Шрифт:
Интервал:
Закладка:
Она не имеет ничего общего с научно-технической фантастикой – жанром, в котором Уэллс трудился и проявил себя как талантливый писатель до Первой мировой войны. Не отнесешь эту работу и к жанру социологии, политики и проектирования будущего, чем Уэллс занимался с конца Первой до времен Второй мировой войны (такие работы, как «Открытый заговор», «Мировой мозг», «Новый мировой порядок» и др.). Это было время, когда писатель, осознав все несовершенство общества и мирового порядка, предлагал проекты спасения человечества и построения счастливого мира.
Вторая мировая война оказала шоковое воздействие на писателя. Он уже стал сомневаться в возможности исправить мир, сделать его более справедливым и менее жестоким. В работах последнего периода превалируют ноты сомнения в возможности успешной реализации разработанных ранее проектов усовершенствования мира. Затем эти сомнения перерастают в пессимизм и даже отчаяние. Это такие работы, как: «Что ожидает Homo Sapiens?» (1942 г.), «Наука и мировой разум» (1942 г.), «От 42-го по 44-й: современные мемуары» (1944 г.), «Разум на конце натянутой узды» (1945 г.). Своего апогея пессимизм и отчаяние достигли в последней из названных работ. Вероятно, мрачная тональность произведения объясняется еще тем, что писатель уже находился в тяжелом физическом состоянии и предчувствовал надвигающуюся смерть.
Некоторые биографы называют «Разум на конце натянутой узды» «исповедью» писателя. Хотя вряд ли можно в буквальном смысле говорить об исповеди, поскольку Уэллс был атеистом. И в последней своей работе он остается на атеистических позициях (правда, некоторые его высказывания можно отнести к разряду агностицизма[41]). Скорее работу можно назвать «приговором».
Во-первых, приговором человечеству. Потому, что писатель не оставлял ему почти никаких шансов на выживание. И уж тем более на переход в какое-то более совершенное состояние. Вот страшные вердикты писателя:
«Конец всего, что мы называем жизнью, близок, и его нельзя избежать».
«Автор убежден, что выхода нет ни в обход, ни напрямую. Это конец».

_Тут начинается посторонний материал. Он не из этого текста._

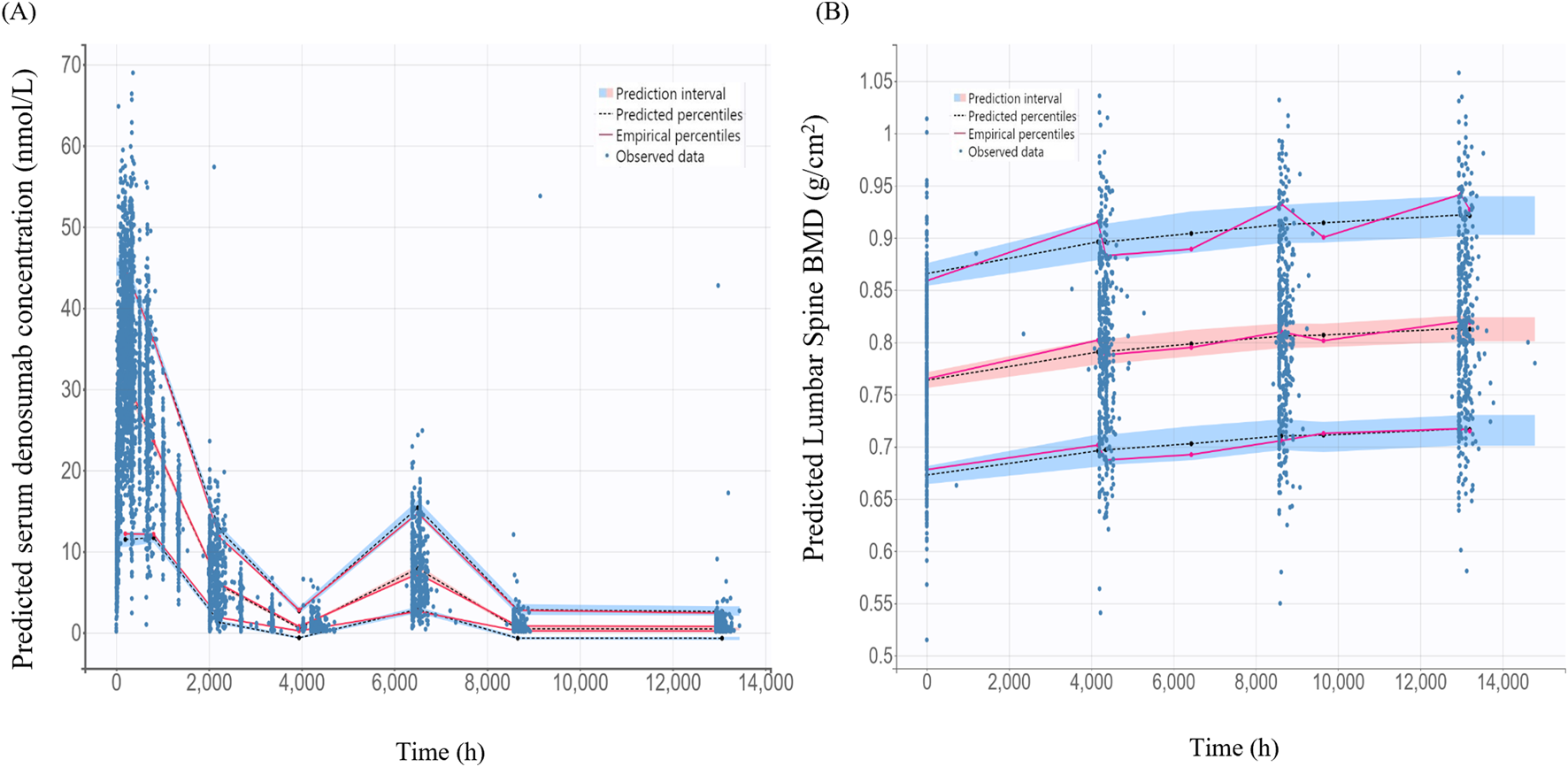 All samples were analyzed at certified laboratories using validated analytical methods. Serum denosumab concentrations were measured employing a validated electrochemiluminescence immunoassay (ECLIA) specifically developed for the detection and quantification of denosumab. The lower limit of quantification (LLOQ) for this assay was 20 ng/mL. Among these, 615 pre-dose samples (9.34%) with concentrations below the LLOQ were set to zero for model initialization.
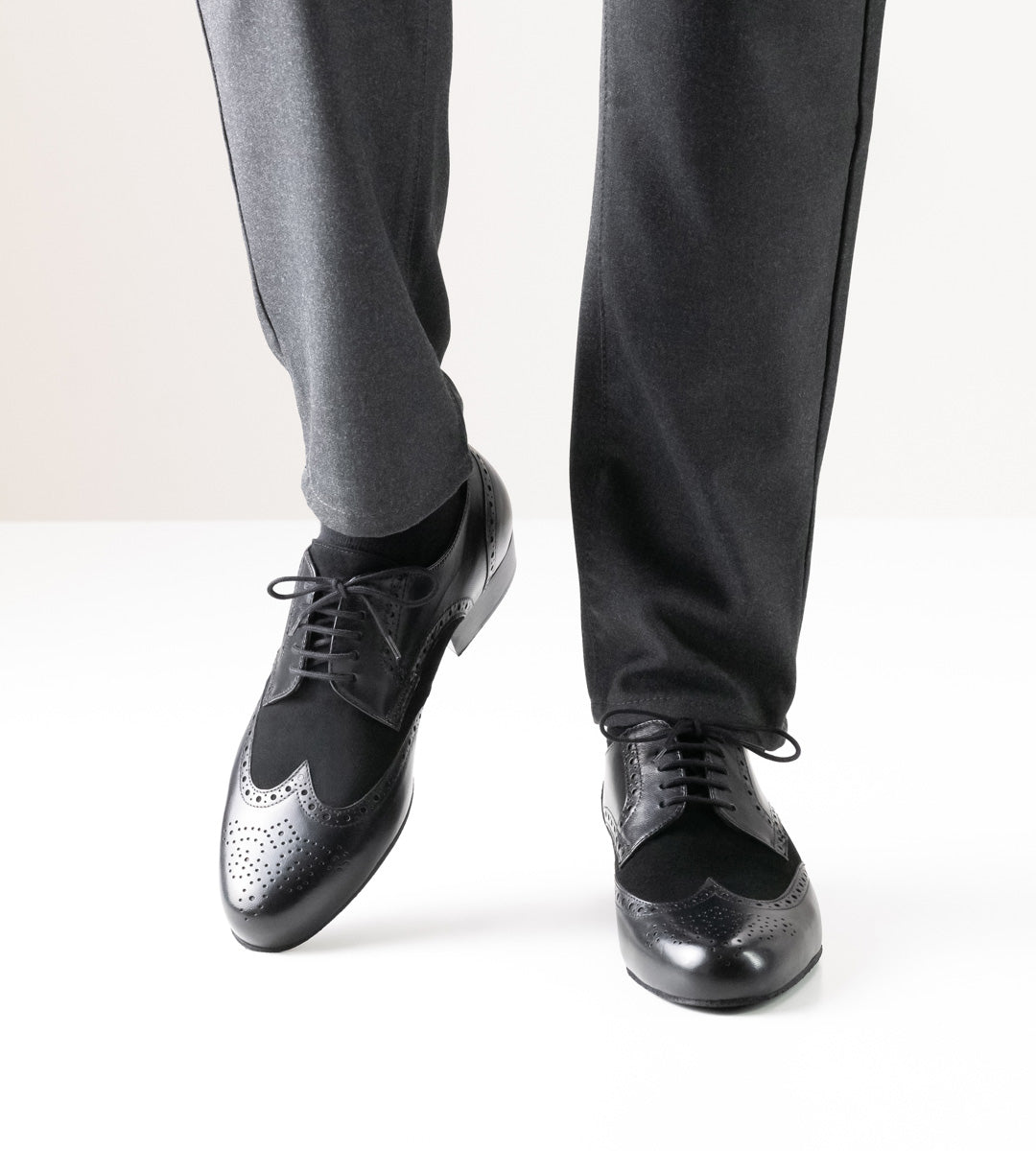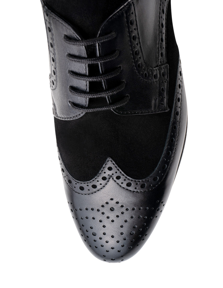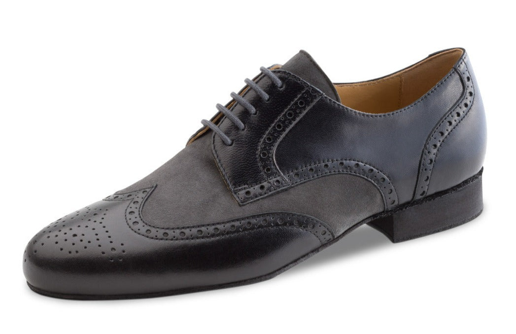 Classic-elegant Werner Kern men's dance shoe in a precious nappa/nubuk combination. The hand-braided wing cap gives this shoe its stylish appearance. The slightly elevated and bevelled heel in connection with the comfortable 5-hole lacing provide and optimal and secure fit. The shoe is lined with soft glove-quality calfskin.

«Ряд событий заставляет разумного наблюдателя осознать, что человеческая история уже подошла к концу и что Homo sapiens, как ему понравилось называть себя, в своем нынешнем виде отыгран».
Во-вторых, приговором самому себе. Потому, что писатель разочаровался в своих убеждениях, которые он формировал всю предшествующую жизнь, – в рационализме и способности разума управлять миром. Он, как пишут биографы писателя, в конце жизни несколько сожалел, что встал на путь чрезмерного интеллектуализма. Мол, прав был премудрый Соломон, сказавший: «От многой мудрости много скорби, и умножающий знание умножает печаль» (Еккл. 1:18). Энтони Уэст (внебрачный сын Г. Уэллса), комментируя «Разум на конце натянутой узды», утверждал, что его отец «осознал, что был не прав, отказавшись от артистизма, искусства, художественности ради социологии», и потому впал в отчаяние.
Самое удивительное: разочаровавшись в рационализме и материализме, писатель не сумел прийти к признанию бытия Бога и пониманию Его роли в жизни каждого человека, общества и мировой Истории. Уэллс моментами пытается выйти за пределы материального бытия и найти некую первопричину всего сущего. Этому таинственному началу он подыскивает подходящее название: «Сила», «Космический процесс», «Запредельное», «Неизвестное», «Непознаваемое». В конце концов останавливается на слове «Антагонист». Почему «Антагонист»? – Потому что вся вселенная, по ощущению Уэллса, настроена против человека, готовит его исчезновение (или как вариант: трансформацию его в нечто, что уже нельзя назвать «человеком»).
А за всей вселенной стоит неведомая сила, враждебная человеку. На этом «метафизика» Уэллса заканчивается, и он опять возвращается к привычным его размышлениям о процессах в мире материи.
Еще одна попытка Уэллса выйти за пределы материального мира – это когда он сравнивает земную жизнь человечества с большим экраном, на котором мелькают тени и изображения какого-то иного, высшего мира. Читаем: «Чем напряженнее анализ, тем неизбежнее ощущение умственного поражения. Перед нами простыня киноэкрана. Она – настоящая ткань Бытия». Это уже немного напоминает идеализм Платона. Более конкретно: миф о пещере – из седьмой книги диалогов «Государства» древнегреческого философа (там описываются силуэты на стене пещеры, за которыми наблюдают обитатели пещеры; а за их спинами находится источник света и первообразы). Но, увы, на этом размышления Уэллса в духе платоновского идеализма обрываются.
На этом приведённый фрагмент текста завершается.